Right, I forgot the main part.

Is the word “container” defined in the docs? I am not able to understand your explanation of everything.
Maybe it depends on the leaf type itself. The implementation of deepcopy_internal of the leaftype is called and that’s where “everything” is define.

Wait, all types have a number of fields, sometimes this number is zero. Additionally elements of arrays are copied because of the deepcopy_internal method for Arrays (Is there something also for AbstractArrays?)

There could be a statement that suggest that for “containers” (to be defined) there is a common practice of propagating through the elements the recursive action.

Thanks for the correction

For reference, i found also the definition of deepcopy in DataStructures.jl for sorted containers.

"""
deepcopy(sc)
This returns a copy of sc in which the data is deep-copied, i.e., the keys and values are replicated if they are mutable types. A semitoken for the original sc is a valid semitoken for the copy because this operation preserves the relative positions of the data in memory. Time O(maxn), where maxn denotes the maximum size that sc has attained in the past.
"""

How about

"""
    deepcopy(x)
Create a deep copy of `x`: everything is copied recursively, where every node is visited only once, 
resulting in a fully independent object of the same internal structure as the input object. For example, 
deep-copying an array produces a new array whose elements are deep copies of the original elements, 
and deep-copying an array of views of the same data array only copies the data array once.
"""

How about just add the OP’s code as an example with an enlightening explanation. A good example is better than thousand words :wink:

3 Likes

How about adding to the description

"""This is roughly equivalent to serializing, and then unserializing an object. 
Deepcopy respects object identity (===).
 (python analog: deepcopy = lambda x: pickle.loads(pickle.dumps(x));
there can be no generic C/C++ analog) """

Maybe one should also add something about failure modes for types that are bad for deepcopying because they hold external references (e.g. pointers, os resources, filehandles)? Maybe one should describe how finalizers and object references in closures of finalizers are handled?

I cannot say, since I honestly don’t know how deepcopy handles these cases.

You can always read the source:

julia> io = open("/tmp/test", "w")
IOStream(<file /tmp/test>)

julia> @edit deepcopy(io)

Examples/concepts from another language may not be a good idea: it is better to explain concepts than rely on the reader’s knowledge of Python.

There’s a relatively simple explanation to why this is the case, but it hasn’t been explicitly stated.

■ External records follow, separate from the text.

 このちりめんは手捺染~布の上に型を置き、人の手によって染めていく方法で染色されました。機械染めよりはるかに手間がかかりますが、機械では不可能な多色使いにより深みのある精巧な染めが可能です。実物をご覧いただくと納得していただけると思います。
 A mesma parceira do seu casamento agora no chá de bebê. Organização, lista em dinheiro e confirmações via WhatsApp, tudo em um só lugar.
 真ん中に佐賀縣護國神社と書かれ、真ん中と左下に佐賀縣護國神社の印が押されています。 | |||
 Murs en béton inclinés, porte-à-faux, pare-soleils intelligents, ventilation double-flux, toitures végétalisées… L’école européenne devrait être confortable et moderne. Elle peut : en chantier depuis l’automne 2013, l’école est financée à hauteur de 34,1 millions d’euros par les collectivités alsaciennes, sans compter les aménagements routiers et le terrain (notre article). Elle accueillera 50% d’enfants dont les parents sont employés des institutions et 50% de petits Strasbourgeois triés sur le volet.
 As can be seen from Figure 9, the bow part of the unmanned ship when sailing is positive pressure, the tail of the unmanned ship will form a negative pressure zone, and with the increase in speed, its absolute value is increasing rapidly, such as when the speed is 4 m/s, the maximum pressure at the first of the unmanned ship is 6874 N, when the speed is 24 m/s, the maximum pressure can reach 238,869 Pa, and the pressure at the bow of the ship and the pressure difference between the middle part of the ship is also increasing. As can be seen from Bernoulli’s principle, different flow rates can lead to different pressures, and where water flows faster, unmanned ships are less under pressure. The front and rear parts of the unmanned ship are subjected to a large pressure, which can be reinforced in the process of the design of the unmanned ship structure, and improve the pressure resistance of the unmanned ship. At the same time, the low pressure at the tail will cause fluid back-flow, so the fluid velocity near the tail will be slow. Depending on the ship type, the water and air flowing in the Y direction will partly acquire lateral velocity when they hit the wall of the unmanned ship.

Your object a is a vector containing 3 integers.

b is a vector containing two references to a. That’s the same reference to a, twice.

deepcopy produces an exact clone of an object (presumably) by recursively calling deepcopy on each sub-element of an object.

In this case, you deepcopy(b), which produces a vector containing the same data a b does, which is two references to a.

If deepcopy were to change references into copies of the underlying object, that would be surprising and hard for the programmer to understand.

In this case I think your confusion has come from the way in which Julia has printed data to your terminal window. It looks like b is a 2d matrix, but it is not.